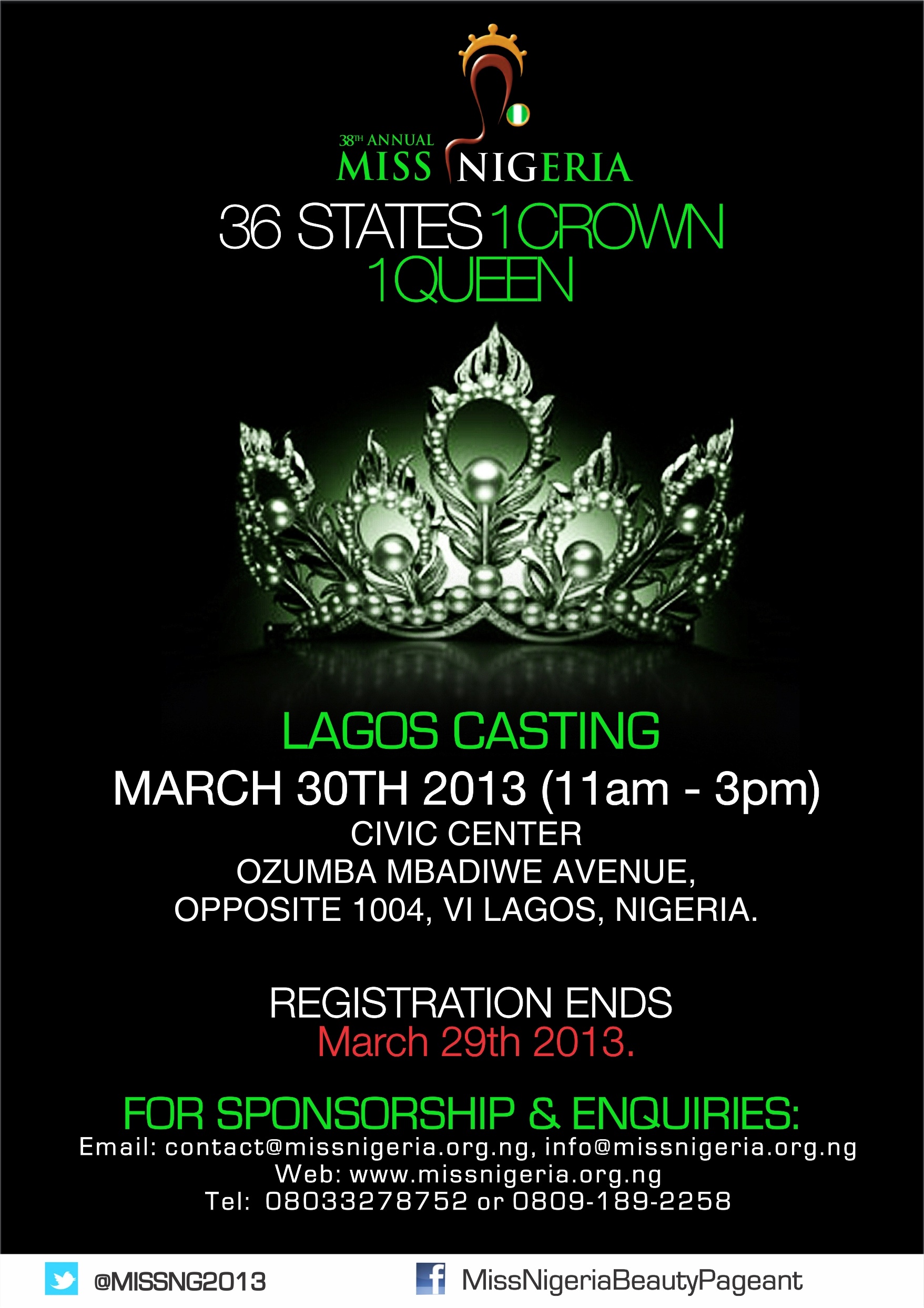 Also like us on Facebook www.facebook.com/MissNigeriaBeautyPageant and follow us on Twitter www.twitter.com/MISSNG2013
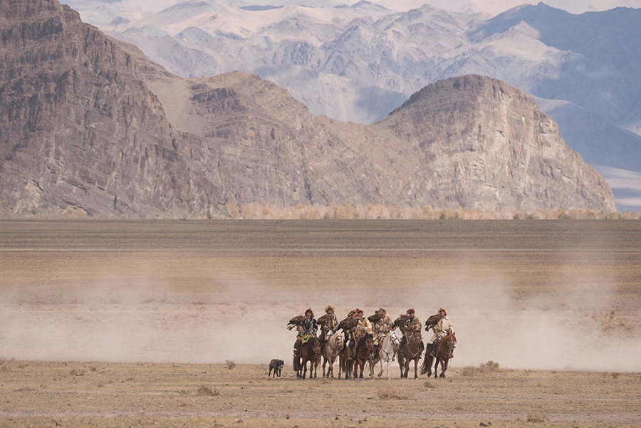 Всадники с орлами выстраиваются в колонну и делают несколько кругов перед зрителями по полю, где будут проходить состязания. В этой же колонне едут и наездники на верблюдах.
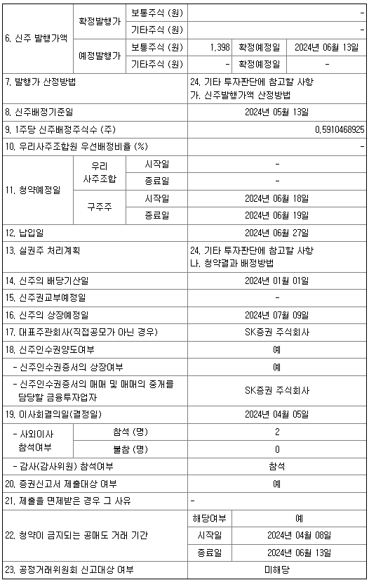 신주발행가액 (예정가) | 1,398원 (2024년 6월 13일 확정) |

## What is expected
Please transcribe each line above exactly, but leave the images out.

## Solution to the exercise
 Also like us on Facebook www.facebook.com/MissNigeriaBeautyPageant and follow us on Twitter www.twitter.com/MISSNG2013
 Всадники с орлами выстраиваются в колонну и делают несколько кругов перед зрителями по полю, где будут проходить состязания. В этой же колонне едут и наездники на верблюдах.
 신주발행가액 (예정가) | 1,398원 (2024년 6월 13일 확정) |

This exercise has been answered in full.